**YOUR ASSIGNMENT**
The response should be the records below, repeated exactly, with each picture left out.

*** Opening of INFORMATION PROVIDED ***

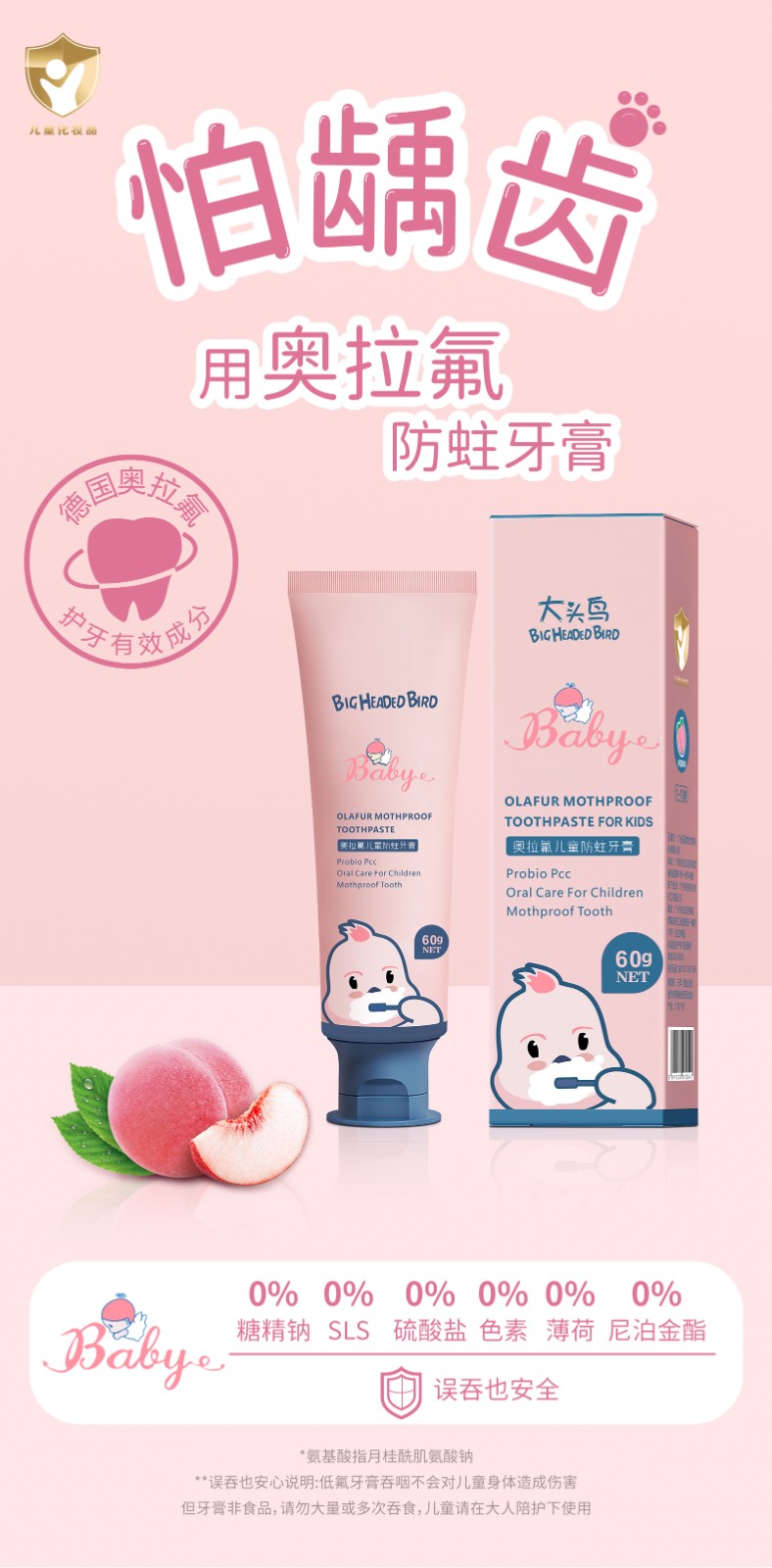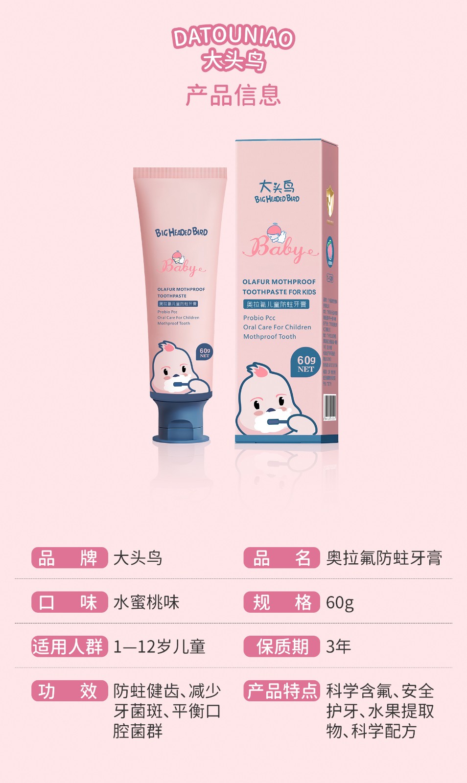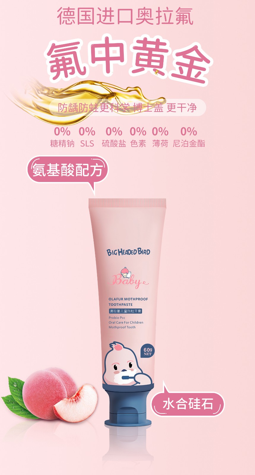 大头鸟婴幼儿奥拉氟儿童牙膏清洁健齿蜜桃味中大童牙膏正品
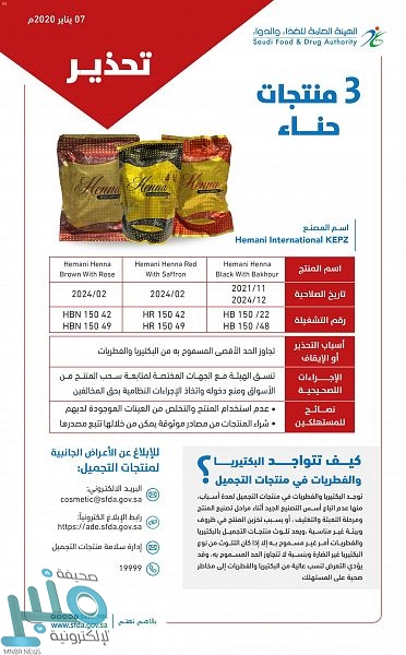 حذّرت الهيئة العامة للغذاء والدواء من ثلاثة منتجات من الحناء بسبب احتوائها على نسبة عالية من البكتيريا والفطريات تجاوزت الحد الأقصى المسموح به.
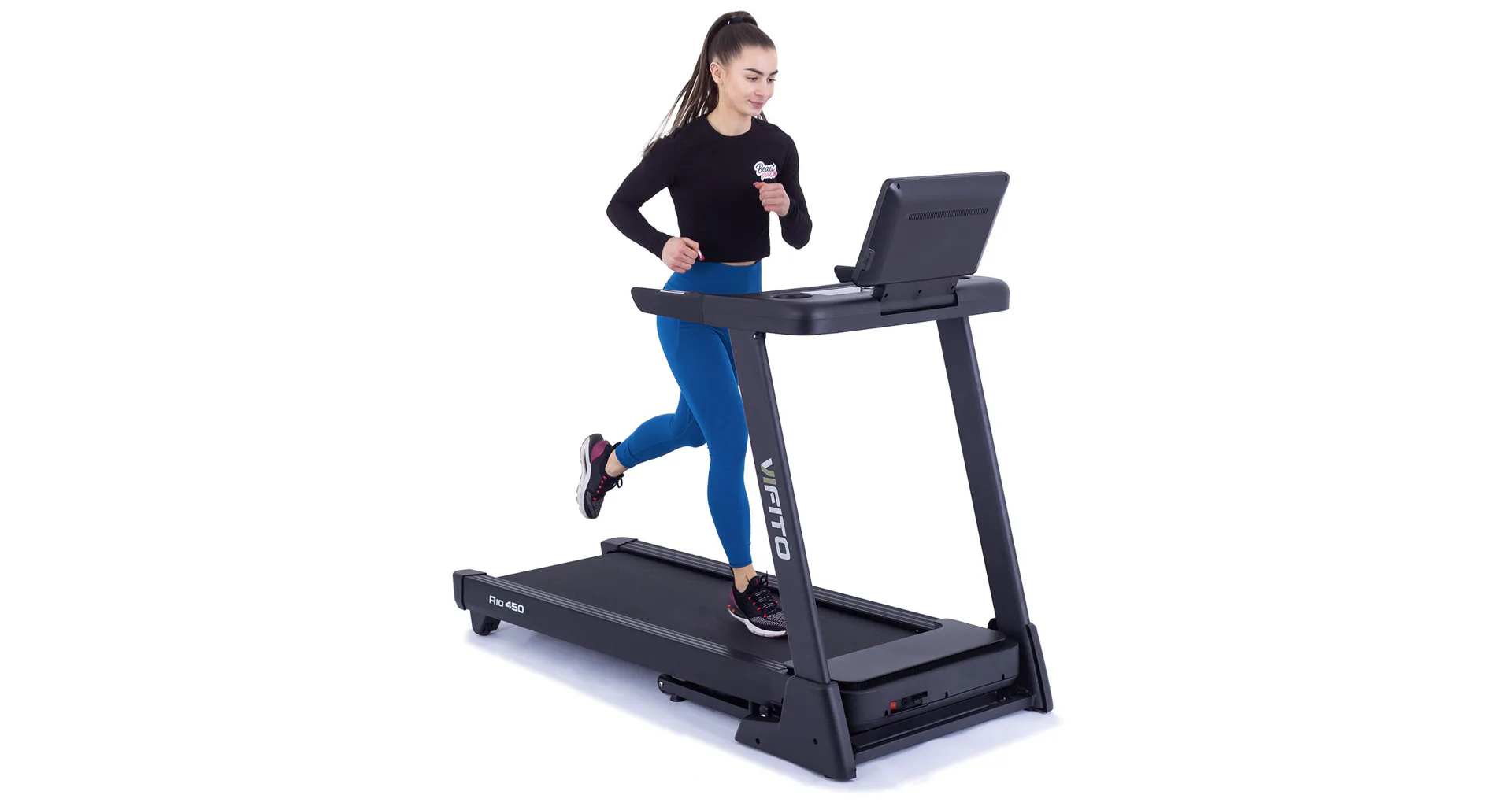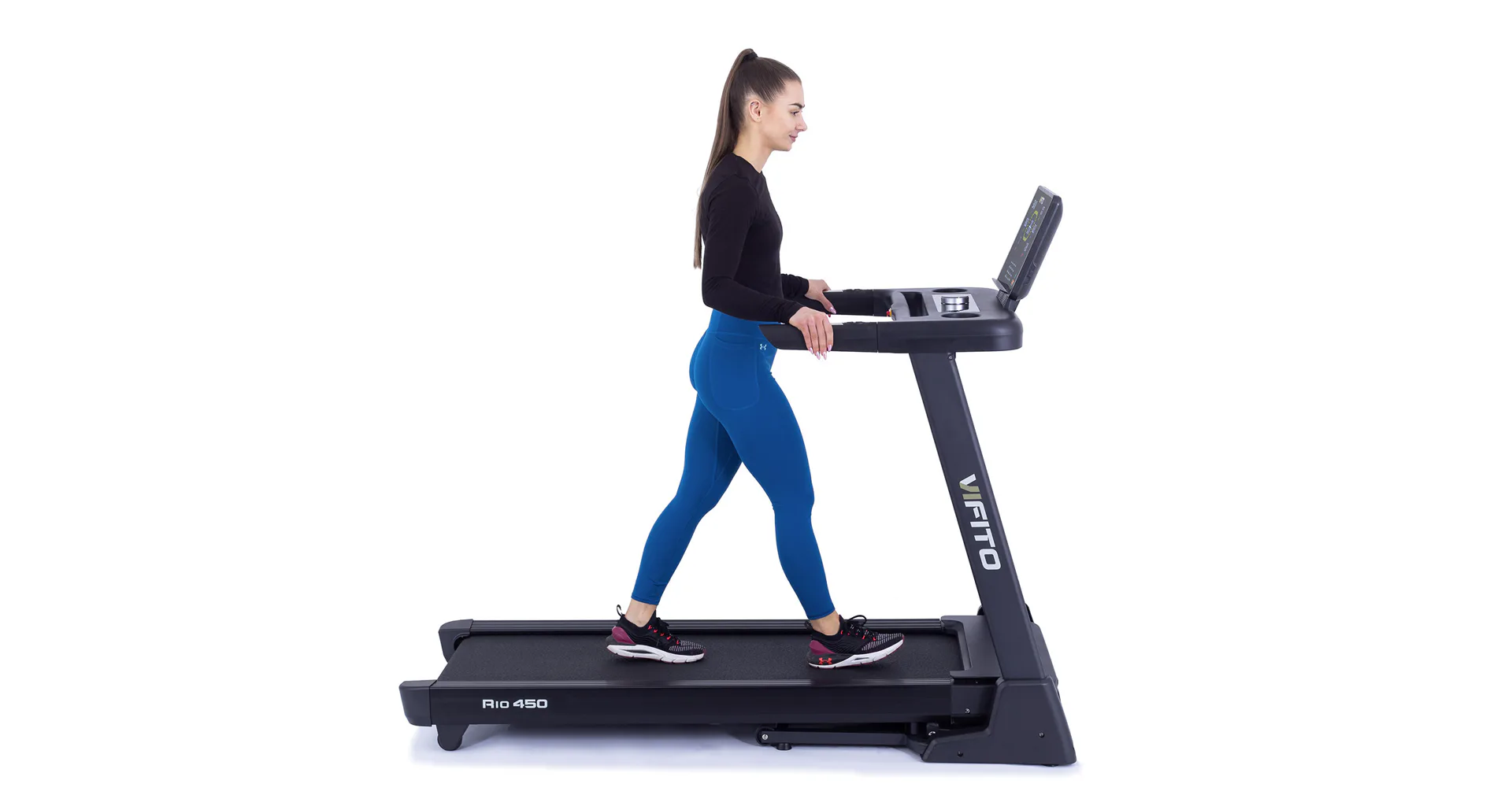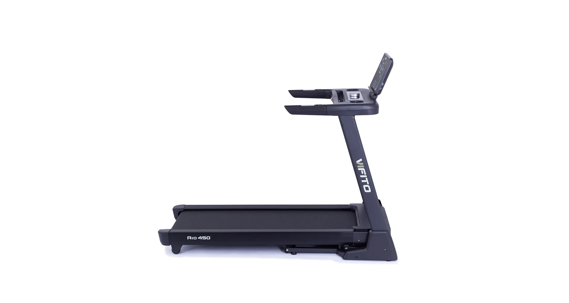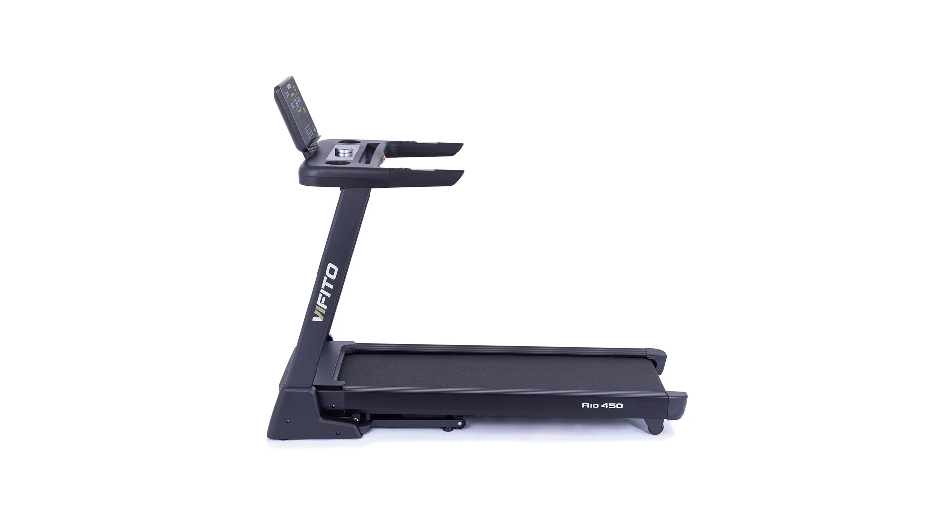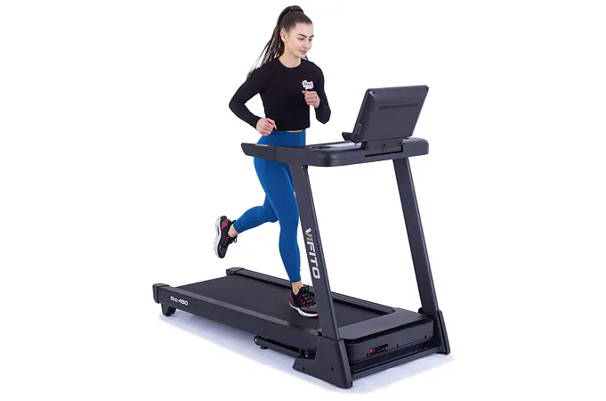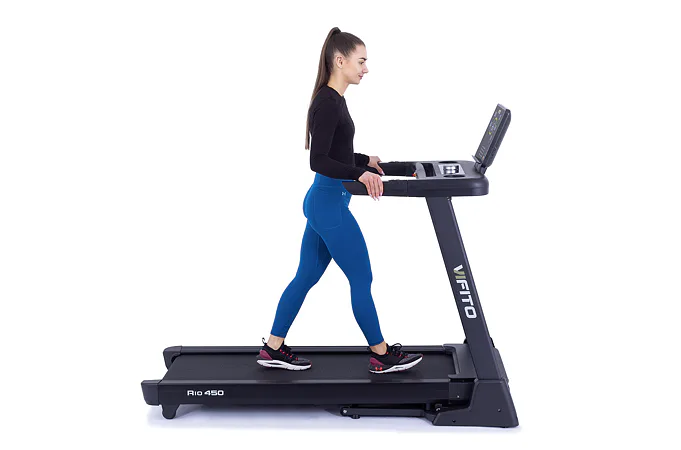 VIFITO Rio 450 nabízí prostornou běžeckou plochu s rozměry 130 x 48 cm. Tato plocha pro běh bohatě postačí lidem přibližně do 175 cm, kde poskytuje dostatek prostoru pro pohodlný a přirozený krok.
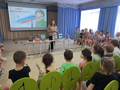 Интересный гость побывал в нашем детском саду — библиотекарь! Сотрудник детской библиотеки № 4 познакомила ребят с миром книг, рассказав, как важно читать и почему книги — лучшие друзья каждого ребенка. С собой для чтения детям гостья принесла подборку книг к дню Защитника Отечества.
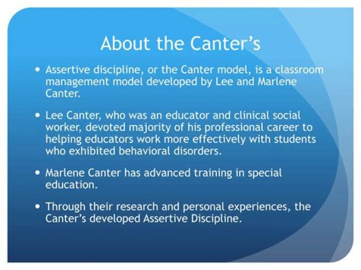 Assertive discipline theory is a teacher-centered classroom management approach founded by Lee and Marlene Canter. The approach believes in the rights of students and teachers to work in a safe, calm and professional environment.
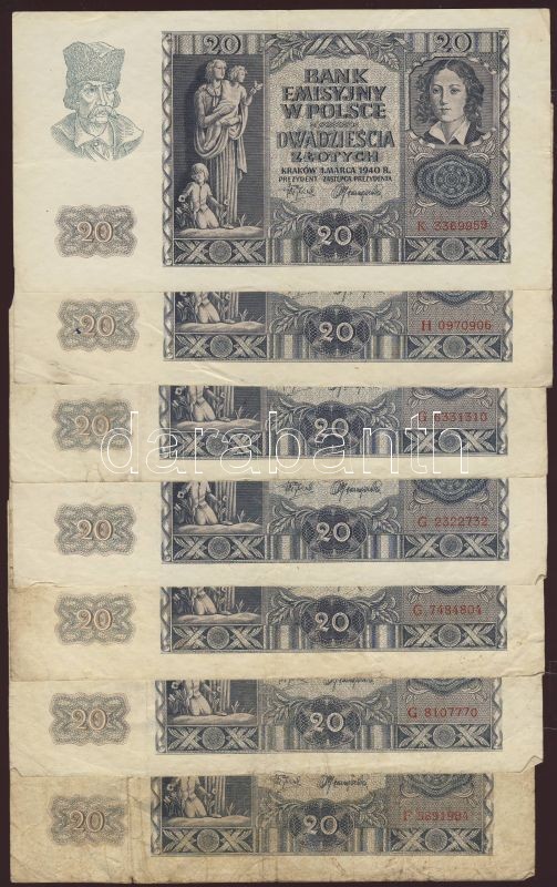 Beschreibung: Lengyelország/német megszállás 1940. 20Zl (14x) T:II,III

*** Close of INFORMATION PROVIDED ***

**ANSWER FOR THIS EXERCISE**
 大头鸟婴幼儿奥拉氟儿童牙膏清洁健齿蜜桃味中大童牙膏正品
 حذّرت الهيئة العامة للغذاء والدواء من ثلاثة منتجات من الحناء بسبب احتوائها على نسبة عالية من البكتيريا والفطريات تجاوزت الحد الأقصى المسموح به.
 VIFITO Rio 450 nabízí prostornou běžeckou plochu s rozměry 130 x 48 cm. Tato plocha pro běh bohatě postačí lidem přibližně do 175 cm, kde poskytuje dostatek prostoru pro pohodlný a přirozený krok.
 Интересный гость побывал в нашем детском саду — библиотекарь! Сотрудник детской библиотеки № 4 познакомила ребят с миром книг, рассказав, как важно читать и почему книги — лучшие друзья каждого ребенка. С собой для чтения детям гостья принесла подборку книг к дню Защитника Отечества.
 Assertive discipline theory is a teacher-centered classroom management approach founded by Lee and Marlene Canter. The approach believes in the rights of students and teachers to work in a safe, calm and professional environment.
 Beschreibung: Lengyelország/német megszállás 1940. 20Zl (14x) T:II,III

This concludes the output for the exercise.